Припоминаю, как однажды моя мать вернулась назад к отцу от второго мужа, который избил ее, а отец воскликнул, видимо не находя слов для выражения своих чувств: «Все, что ты у него наработала, пусть вернет тебе! Ты была ему прислугой».

Позже мать цитировала его слова с презрением. Но мог ли отец в данной ситуации поступить по-другому? Он, конечно, радовался возвращению матери. Не раз думал и о том, насколько тяжелее живется ей у второго мужа, и это особенно удручало — ведь он понимал, что во многом сам виноват перед ней. И когда простил мать, когда на нее уже не сердился, все равно не мог не думать об их прошлом житье-бытье, причем в его материальных аспектах. Свои деньги он зарабатывал трудно — нещадно гнул спину. Но знал цену и женской работе по дому — частенько ею сам занимался. Воскресные обеды, уборка — что только не лежало на нем.

Женин труд в доме второго мужа он считал настоящей эксплуатацией. В этом таился и некоторый отцовский эгоизм: делай мать то же самое дома, он и не задумывался бы над этим. Но здесь проявилось и его глубокое социальное чувство. Коль уж ты ушла из дому, изволь устроить свою жизнь так, чтобы тебе с другим мужем было лучше. Но допустить, что ей лучше, он не мог, да и как допустишь, когда она прибежала к нему назад, в наш дом, — вот он и разразился такой тирадой. Думается, это была бы единственная укоризна отца, останься мать дома. Но она вскоре ушла. Фраза отца послужила ей поводом для ухода — ведь с нуждой мои родители бились с малолетства и, конечно, нужда отметила их характеры, потому-то они в конце концов и разошлись.

В отцовских записках есть, например, такая фраза:

«В те поры часто случалось, что люди радовались, когда человека била судьба, и старались ему еще больше отравить жизнь».

В квартале, где мы жили (где я живу и поныне), не было ни одного состоятельного человека.
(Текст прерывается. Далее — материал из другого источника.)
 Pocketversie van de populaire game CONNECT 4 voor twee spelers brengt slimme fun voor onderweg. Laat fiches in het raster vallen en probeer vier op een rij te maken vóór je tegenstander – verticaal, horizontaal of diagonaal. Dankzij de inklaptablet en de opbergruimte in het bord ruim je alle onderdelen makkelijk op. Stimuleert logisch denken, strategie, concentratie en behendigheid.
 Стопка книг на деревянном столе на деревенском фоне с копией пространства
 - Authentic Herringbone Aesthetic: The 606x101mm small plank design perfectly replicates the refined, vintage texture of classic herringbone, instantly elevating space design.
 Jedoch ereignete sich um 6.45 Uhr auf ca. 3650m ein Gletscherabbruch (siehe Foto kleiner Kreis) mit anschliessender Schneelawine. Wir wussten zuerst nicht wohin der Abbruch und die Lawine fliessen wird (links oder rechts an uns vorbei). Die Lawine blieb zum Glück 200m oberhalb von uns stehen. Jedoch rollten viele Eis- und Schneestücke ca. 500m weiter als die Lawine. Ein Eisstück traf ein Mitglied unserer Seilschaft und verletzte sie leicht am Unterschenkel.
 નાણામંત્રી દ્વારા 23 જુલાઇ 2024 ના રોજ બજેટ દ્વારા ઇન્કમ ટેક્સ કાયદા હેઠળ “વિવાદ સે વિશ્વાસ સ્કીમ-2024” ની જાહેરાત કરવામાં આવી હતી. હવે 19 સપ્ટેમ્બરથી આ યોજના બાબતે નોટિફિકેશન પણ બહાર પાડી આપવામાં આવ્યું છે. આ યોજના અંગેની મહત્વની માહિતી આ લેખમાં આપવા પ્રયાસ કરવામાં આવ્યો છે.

Но отец тяжело переживал свою долю: во-первых, он был внебрачным ребенком, а во-вторых, не смог закончить реальную гимназию. Эти две вещи он считал роковыми, а то, как к нему относились люди, — временной человеческой глупостью. Он знал: если бы куда-то уехал, если бы разбогател, людские насмешки перестали бы задевать его. Когда я был еще маленький, отец не раз мечтал переехать в город — люди там казались ему симпатичнее. Может, он и уехал бы, подвернись подходящий случай. Братиславу он очень любил и считал ее своим городом, частью родного края, и сердился на тех, кто не умел ее оценить.

При всей озабоченности той поры однажды случилось, что устроили соревнования: кто скорей добежит из Ступавы до Новой Веси. (В Ступаве отец учился на каменщика, когда вынужден был уйти из гимназии.)
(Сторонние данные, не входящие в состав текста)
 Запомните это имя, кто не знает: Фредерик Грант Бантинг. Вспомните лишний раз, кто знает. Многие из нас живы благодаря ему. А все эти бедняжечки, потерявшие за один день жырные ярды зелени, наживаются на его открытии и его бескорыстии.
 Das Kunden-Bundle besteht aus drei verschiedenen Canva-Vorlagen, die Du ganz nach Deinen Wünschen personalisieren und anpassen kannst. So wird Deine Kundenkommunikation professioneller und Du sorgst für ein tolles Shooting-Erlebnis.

Отец был левым крайним нововесской команды. Когда он уже лежал на смертном одре, я встретил его ровесника — пана Мраза, — и тот, передав отцу привет, стал вспоминать его стремительный бег по правому краю поля. Отец, выслушав меня, уставился в потолок и долго молчал, а когда я уже забыл про пана Мраза, сказал:

— Он еще помнит об этом?

И погладил свою ногу в носке, опухшую и неподвижную. Его футбольные подвиги вспоминали и другие, например Мартин Влк, по прозванью Шляпа, умерший через несколько месяцев после отца. Большой его друг и почитатель. Отец ставил ему дом. В ту пору моя дочка, которой было года три, пережила ужасное потрясение. Мартин Шляпа посадил ее в ведро и на блоке подтянул к деду. Дочка до смерти перепугалась и потом уже ни за что не хотела проходить мимо этого дома. Приходилось делать большой крюк, пока однажды я не сказал ей, что Влк переехал, а дом продал.

И вот сейчас, глядя на братиславский дом с башенками и мечтая о жизни без забот и печалей, я вспомнил все те узы, что связывают меня с Новой Весью.

Наконец подали автобус, я сел и доехал до центра деревни. Здесь было приятно, солнце уже не жарило. Воспоминания, в чужой среде подернувшиеся патиной сновидений, приобрели юмористический настрой, когда я проходил по улице, где жил Мартин Влк. Я вспомнил, как дочка уже из-за поворота выглядывала, нет ли Влка на улице. Влк был для нее таким же пугалом, как для сестры живодер. Когда на улице появлялся живодер, сестра всегда пряталась под кровать. Как очаровательны эти страхи перед совершенно безобидными существами! Я боялся дядюшку Ецко, у которого были отрезаны ноги, боялся и других маленьких людей — например, Панимамы.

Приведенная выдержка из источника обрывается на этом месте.